India frees 28 Pakistani prisoners as goodwill gesture

By IANS
Wednesday, August 18, 2010

ATTARI BORDER - In a goodwill gesture coinciding with the Islamic holy month of ‘Ramadan’, India Wednesday released 28 Pakistani prisoners at the Attari-Wagah border between the two countries.

The Pakistanis were brought here by police from jails across India. They were released after all formalities were completed.

The prisoners were visibly happy to be returning to their homes.

“I am delighted that I am going back,” said a beaming Mohammed Haji Iqbal, who was arrested in Mumbai in 1999 for aiding a bank robbery in Borivali.

The money looted from the bank was used later to fund the conspiracy by terrorists who hijacked the Kathmandu-Delhi Indian Airlines flight IC-814 to Kandahar in Afghanistan in December 1999.

Iqbal was lodged at the Nashik prison for eight years. His prison term ended February 2008.

The prisoners released were from Amritsar (11), Jammu (8), Delhi (4), Mumbai/Nashik (3) and Rajasthan (2).

“I am happy.
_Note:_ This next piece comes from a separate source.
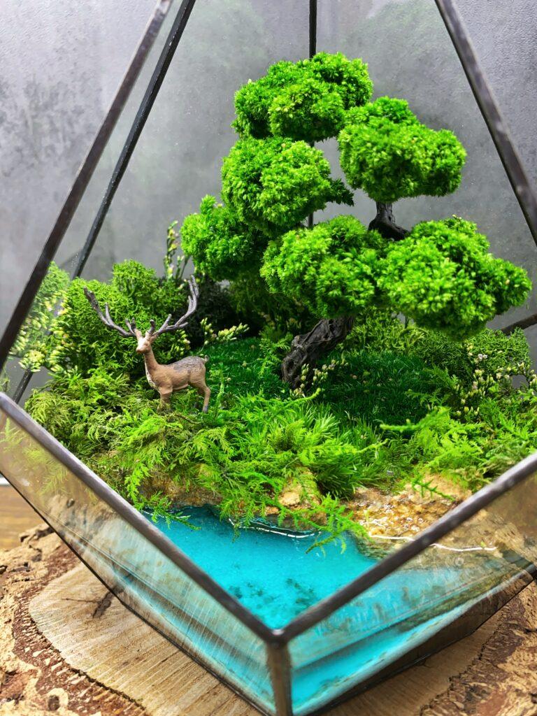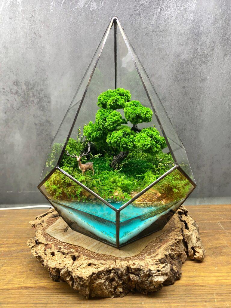 Мосаріум виготовлений зі стабілізованих рослин. Не вимагає догляду, поливу та сонячного світла.

We want the governments of both countries to initiate steps so that prisoners who have completed their terms are sent back,” said Mukhtiar Ahmed Kasur town near Lahore.

Ahmed spent 21 years in prisons in India after his arrest in December 1989 near the India-Pakistan border in Amritsar district.

He was charged with espionage and possessing drugs.

Even though his sentence ended in 1997, his release took time because authorities in Pakistan initially did not own him as a Pakistani national.